S. Africa: Constitutional Court recognizes strategic litigation against public participation as an abuse of process & limits corporations’ ability to claim damages for reputational harm
‘Concourt holds that SLAPP suit defence exists in South African law’ 15 November 2022
The constitutional court on Monday upheld a mining house’s appeal against a high court order that marked the first time environmentalists have successfully invoked the SLAPP suit defence, an acronym for strategic lawsuits on public participation, on local soil.

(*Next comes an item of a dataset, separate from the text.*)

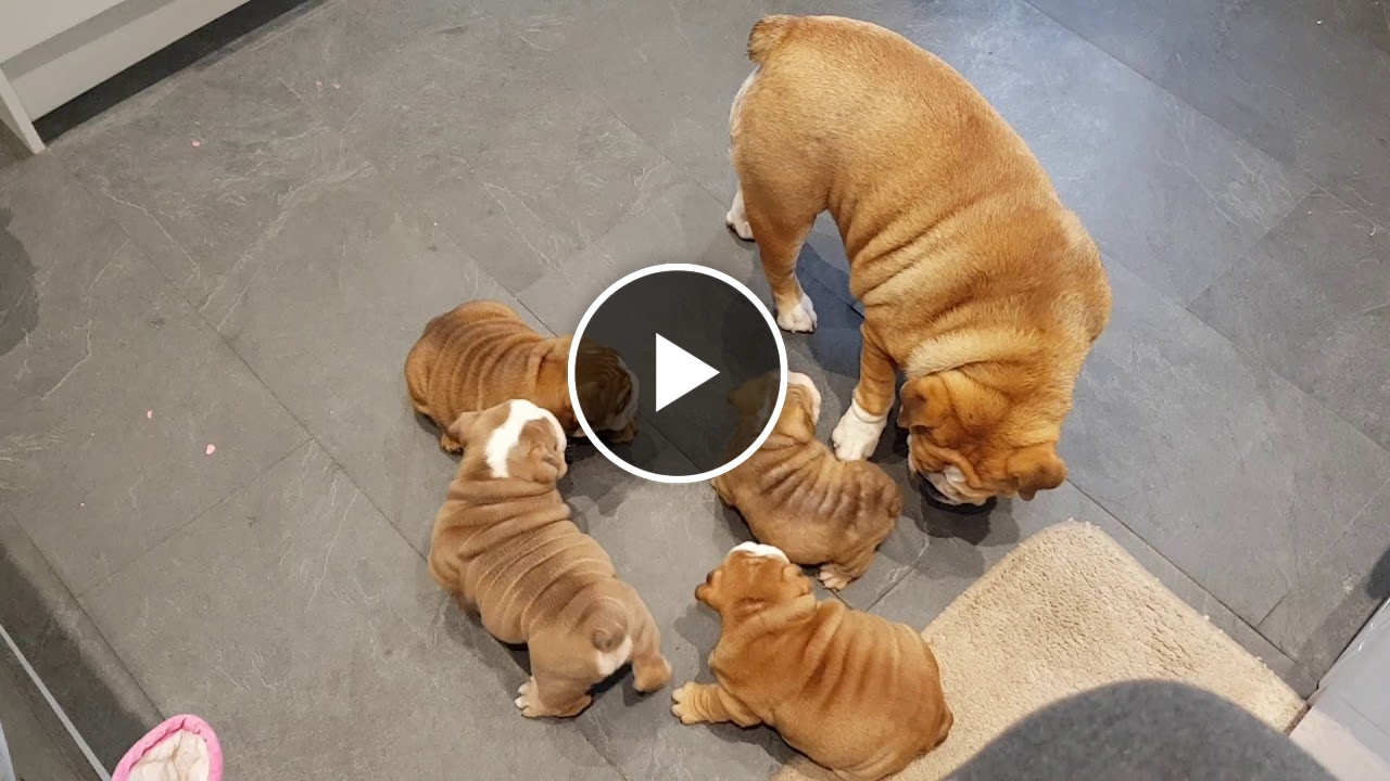 English bulldog meeting puppies after vets appointment

But the ruling can only technically be read as a courtroom loss for opponents of titanium mining in Xolobeni on the Wild Coast in the Eastern Cape, who face defamation claims totalling R14-million from Australian mining company Mineral Commodities Ltd, its local subsidiary Mineral Sands Resources, former executive Mark Caruso and local black empowerment partner Zamile Qunya.

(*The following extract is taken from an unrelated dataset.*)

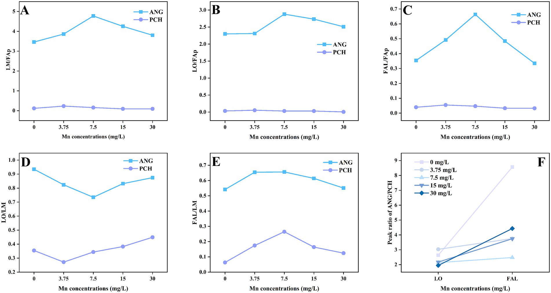Figure 7. Peak area ratio of Pb minerals of Aspergillus niger and Penicillium chrysogenum in different Mn2+ conditions after 7 days of incubation. (A–E) Peak area ratio of LM/FAp, LO/FAp, FAL/FAp, LO/LM, and FAL/LM between ANG and PCH. (F) The peak area ratio between ANG and PCH in the formed LO and FAL. LO, lead oxalate; FAp, fluorapatite; FAL, fluoropyromorphite; LM, lead minerals (LO + FAL); ANG, Aspergillus niger; PCH, Penicillium chrysogenum.

It sees the justices of the apex court confirm that the South African common law can accommodate a SLAPP defence, but faults the six defendants — environmental lawyers Christine Reddell, Tracey Davies and Cormac Cullinan, social worker John GI Clarke, and activists Mzamo Dlamini and Davine Cloete, representing the Wild Coast and the West Coast — for not properly constituting their plea. “The respondents have secured the recognition of the SLAPP suit defence, albeit not on the basis that they pleaded the defence or supported the defence in their submissions.”
…But the court dismissed the main submission in the exception raised by Mineral Sands Resources and its fellow applicants that the SLAPP defence did not exist in South African law. “I have found that the SLAPP suit defence does form part of our law,” wrote Majiedt, locating it in the common law doctrine of abuse of process. “To make out the defence requires more than the respondents pleaded, but the defence commands a place in our law that the applicants have unsuccessfully resisted.”… The court gave the environmentalists 30 days to amend their special plea, failing which it would be dismissed, and ordered that the mining companies pay 60% of their costs. In a majority judgment on Monday, Majiedt recognised the right of companies to claim general damages for defamation but held that where the alleged defamation formed part of public discourse on issues of public interest, the court could use its discretion to deny the claim.